It won’t have escaped anyone’s attention that forest fires followed by floods devastated the countryside across much of southern Europe in the summer of 2023. Indeed, it was the hottest summer on record, according to the EU’s Copernicus climate change service.
The extreme heatwaves that affected much of the northern hemisphere were made much more likely by climate change, according to scientists from the World Weather Attribution Initiative. As temperatures rise and freak weather proliferates, so demand for sustainable investing is intensifying and companies are under pressure to reduce energy consumption and make better use of resources. Indeed, new business models are emerging with a sharp focus on environmental and social impact.

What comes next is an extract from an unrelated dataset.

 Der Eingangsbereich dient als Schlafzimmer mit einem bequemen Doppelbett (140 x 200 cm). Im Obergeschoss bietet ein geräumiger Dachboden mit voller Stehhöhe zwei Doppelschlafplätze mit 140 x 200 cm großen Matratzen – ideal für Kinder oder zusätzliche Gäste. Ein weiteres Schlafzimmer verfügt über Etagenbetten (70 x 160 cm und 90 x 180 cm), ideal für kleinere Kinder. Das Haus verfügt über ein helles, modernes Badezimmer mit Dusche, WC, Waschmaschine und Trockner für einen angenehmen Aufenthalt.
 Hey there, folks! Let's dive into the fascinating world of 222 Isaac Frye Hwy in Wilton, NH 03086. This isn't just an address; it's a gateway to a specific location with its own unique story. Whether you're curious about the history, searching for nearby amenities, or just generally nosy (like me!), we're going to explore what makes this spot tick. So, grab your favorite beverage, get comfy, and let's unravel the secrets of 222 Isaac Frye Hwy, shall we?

Yet the demand for sustainable investing is not yet fully met by investment advisors. Research from Deloitte, the professional services firm, cites multiple surveys showing that investors have a strong interest in sustainable investing but want more support from their advisors. That suggests financial intermediaries could be missing a major opportunity.

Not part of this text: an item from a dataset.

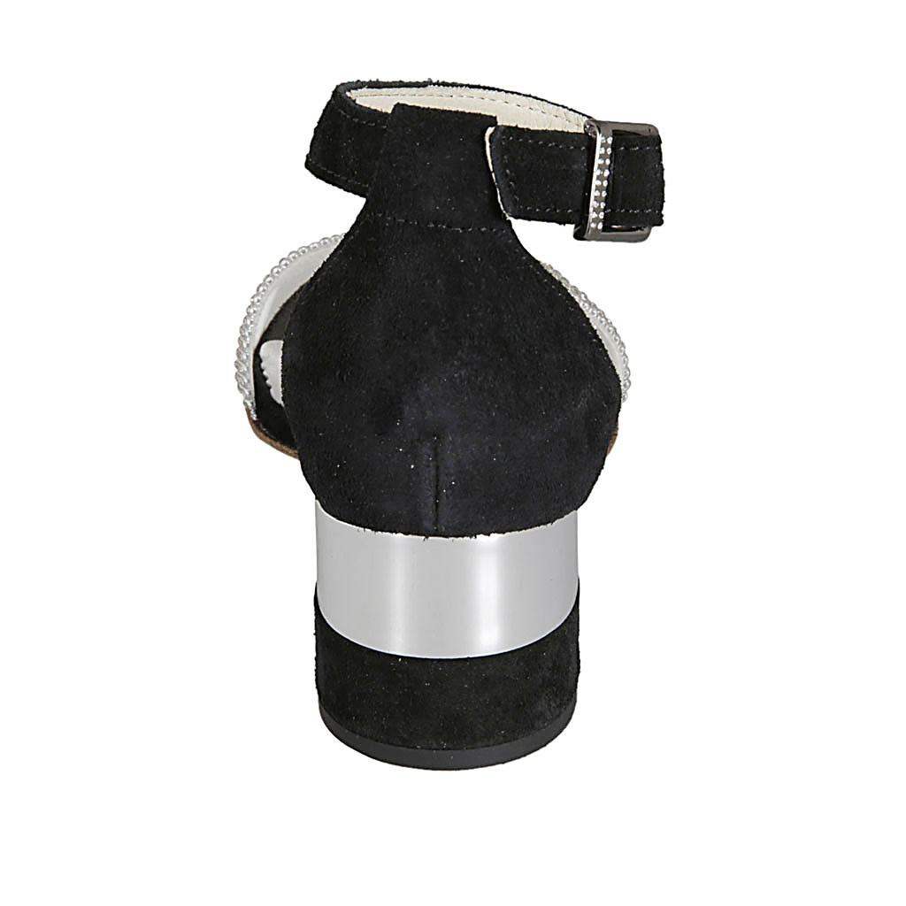 Scarpa aperta da donna con cinturino e glitterato argento in camoscio nero tacco 5 - Misure disponibili: 42
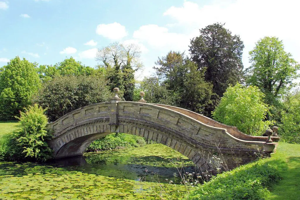 Más de 40 esculturas adornan los jardines, y hay más monumentos como una Casa Verde Bowling del siglo XVIII, un puente adornado y un templo chino.

Returning to Deloitte’s research, investor demand is evidently increasing. For instance, its review of surveys found that 79% of EU private investors consider sustainability important to how they invest. Yet 60% said their banks and advisors had yet to discuss sustainable investing strategies with them.

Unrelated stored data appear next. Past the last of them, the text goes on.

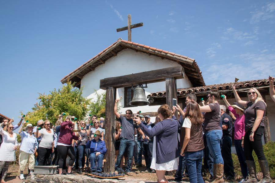 The first grape pick of the season — about 20 tons of Pinot Noir from Sangiacomo Family Vineyards — is celebrated with a bell-ringing Wednesday at the Sonoma Mission. The ringing in of the 2018 harvest was commemorated by growers, vintners, the local wine community, first responders, and local officials in the event organized by the Sonoma Valley Vintners & Growers Alliance (SVVGA).
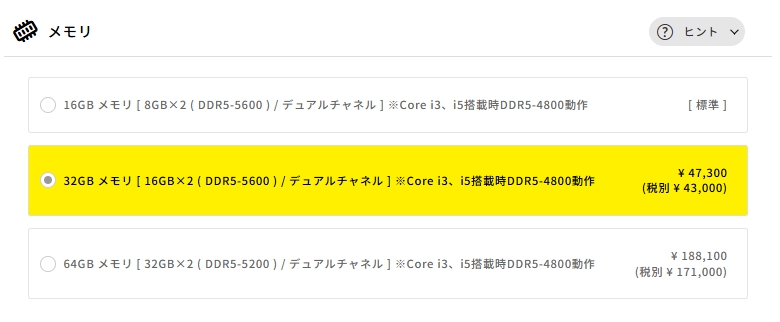 | メモリ | 16GB (8GB×2 / DDR5-4800) |
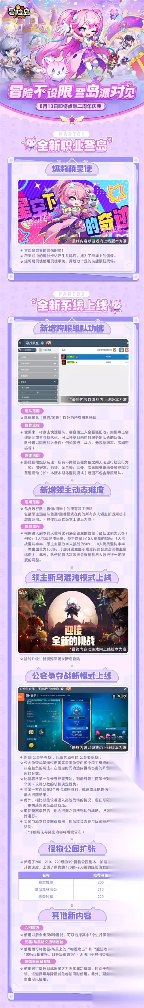 冒险岛枫之传说周年庆版本将在8月13日开启,本次周年庆全新职业爆莉萌灵使登场,另外还有跨服组队、领主动态难度调整等,更新内容非常丰富,下面带来二周年庆版本活动内容爆料,各位来看看吧。 冒险岛枫之传说二周年庆典前瞻

It’s a unique time as the global economy begins the technological and economic revolution needed to reach net zero carbon emissions by 2050. As the UN states, “the next decade will prove whether the world will succeed or fail in meeting these critical challenges.” Financial intermediaries need to adapt to this watershed moment, differentiating themselves through knowledge of sustainable investing’s different options, and combining financial return with purpose for the next generation of investors.
What this means for financial intermediaries
For financial intermediaries, sustainability offers a chance to take client relationships to the next level. Despite their interest, many private investors do not fully understand sustainable investing. Discussing how clients’ personal values affect their approach to sustainability topics can strengthen relationships. What’s more, competence in this area shows that the financial intermediary offers high-quality and innovative advice.
Yet sustainable investing is a complex field that’s continually evolving. Indeed, what are the different sustainable investing approaches? At a high level two of the main types are sustainable investing and impact investing. Broadly speaking, sustainable investing avoids investments in companies with harmful activities such as tobacco, while judging the success of an investment not just by its financial performance but also by improvements against environmental, social and governance (ESG) metrics, especially related to cutting greenhouse gas emissions. Impact investing goes beyond ESG, deploying capital to finance businesses and solutions that address specific environmental or social challenges.
Similarly, there’s a plethora of ESG analytical data from different providers that may be contradictory and confusing, including a degree of subjectivity. For financial intermediaries who are not specialists in sustainable investing, there are dangers in becoming lost in an alphabet’s soup of different metrics.
Indeed, as regulators around the world increasingly turn their attention to sustainable investing, a little knowledge is a dangerous thing. In Switzerland and the EU, for instance, the Self-Regulation Sustainability Guidelines and Sustainable Finance Disclosure Regulation, respectively, require advisors to consider sustainability preferences when giving investment advice. What’s more, across much of the world there are increasing regulations governing the labelling of sustainable investment products.
Julius Baer’s specialist expertise
Julius Baer can help financial intermediaries to deliver sustainable investments while minimising the risk of contravening regulations. We have a team of skilled experts across sustainable and impact investing who can advise you along your sustainable investing journey. Additionally, we can help to reduce greenwashing risk at point of sale.
Sustainable investing appears to be at an inflection point with increasing numbers of businesses looking to address environmental and social challenges. As extreme weather becomes more frequent, society is calling on the financial sector to play a critical role in allocating capital. Trillions of dollars will be required to engineer the zero carbon transition.
Within wealth management, financial intermediaries have an opportunity to meet demand for sustainable investing that remains largely unmet. But doing so requires access to specialist knowledge from a team of experts. At Julius Baer, we have been building just such a team to prepare for one of the biggest investment challenges of our time.